From March 5th to the 11th, we’re celebrating National Groundwater Awareness Week by calling attention to the importance of this vital source of drinking water. The issues surrounding groundwater are particularly important to California as we continue to battle a persistent drought. Hundreds of drinking water wells have gone dry, with even more susceptible to the same fate. Eighty-five percent of Californians rely on groundwater for some or all of their water supply.
Because of our leadership in protecting groundwater, Clean Water Action was invited to join the Department of Water Resources in Sacramento on Monday to kick off Groundwater Awareness Week. Our Water Policy Analyst, Ngodoo Atume presented on the importance of engaging and protecting vulnerable communities that depend on groundwater.
"Groundwater is not visible, so sometimes it tends to be forgotten." - Ngodoo Atume
During a typical year, approximately 40 percent of California’s total water supply comes from groundwater, with that number going up to 60 percent or more during dry years. As the extremes of climate and drought become more persistent due to climate change, groundwater serves as a critical buffer against the ever growing impacts of climate change. California’s groundwater basins hold about 20 times as much water as our surface reservoirs.
There have been major steps regarding groundwater on both a state and national level. In 2014 California passed the Sustainable Groundwater Management Act (SGMA) as a step in achieving sustainability to our state’s depleted groundwater reserve, and since then Clean Water Action in collaboration with other environmental justice organizations have worked tirelessly to ensure equity in the implementation of SGMA. Last week, the California Department of Water Resources failed 6 groundwater management plans in the San Joaquin Valley for lack of protection of groundwater users. The State will be taking over management of these plans.

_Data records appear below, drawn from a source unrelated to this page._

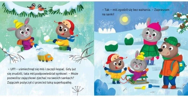 Misiowi, trudno dzielić się z innymi tym, co posiada, co wydaje mu się cenne i co lubi. Wkrótce jednak przekonuje się, że dzielenie się oraz pożyczanie i wymiana zabawek dostarcza wiele satysfakcji i radości, a przede wszystkim sprzyja nawiązaniu przyjaźni. Mały miś coś traci i coś zyskuje: odkrywa nowe emocje, które czynią go szczęśliwszym. Wszystkim dzieciom, które chciałyby poznać przygody misia, polecamy krótkie, ciepłe i pouczające historyjki. Książeczki są bezpieczne w użyciu i trwałe – na kartonie.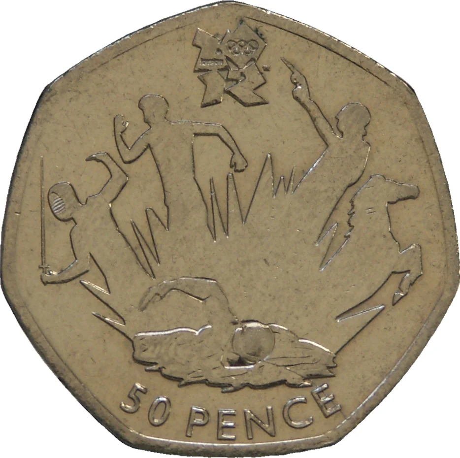 Figures performing modern pentathlon events: fencing, running, shooting, riding, swimming. London 2012 logo above, denomination below.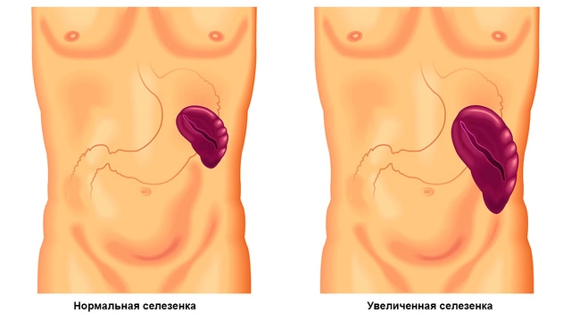 - острые вирусные и бактериальные инфекции увеличивают объем селезенки;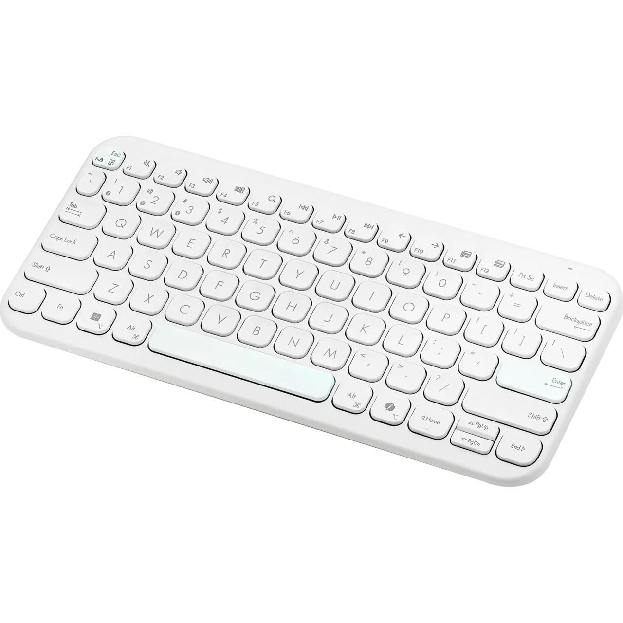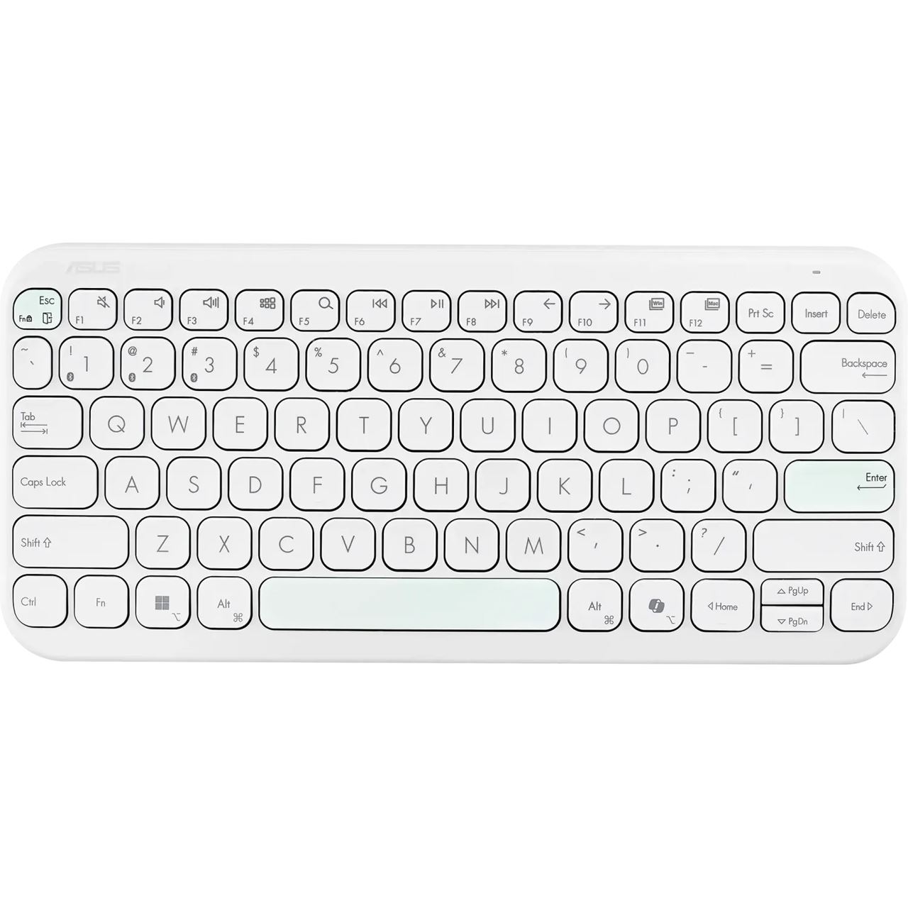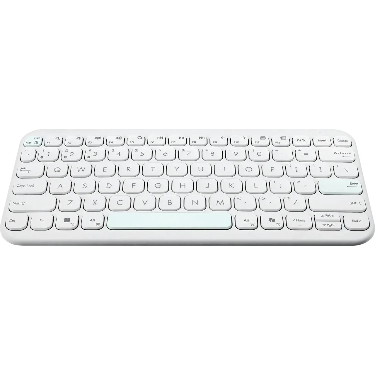 ASUS Marshmallow Keyboard KW100. Tastatur Formfaktor: 75%. Tastatur-Stil: Gerade. Übertragungstechnik: Kabellos, Geräteschnittstelle: Bluetooth, Tastatur-Switch: Scherenschalter, Tastaturaufbau: QWERTZ, Empfohlene Nutzung: Haus. Produktfarbe: Weiß

There’s still much work to be done. We will continue to work with the state to ensure that all disadvantaged communities and drinking water users are protected from groundwater decline and contamination. We were pleased to see that Governor Newsom recently signed an executive order requiring all local Groundwater Sustainability Agencies (GSAs) to create and execute plans focused on the equitable distribution of our groundwater.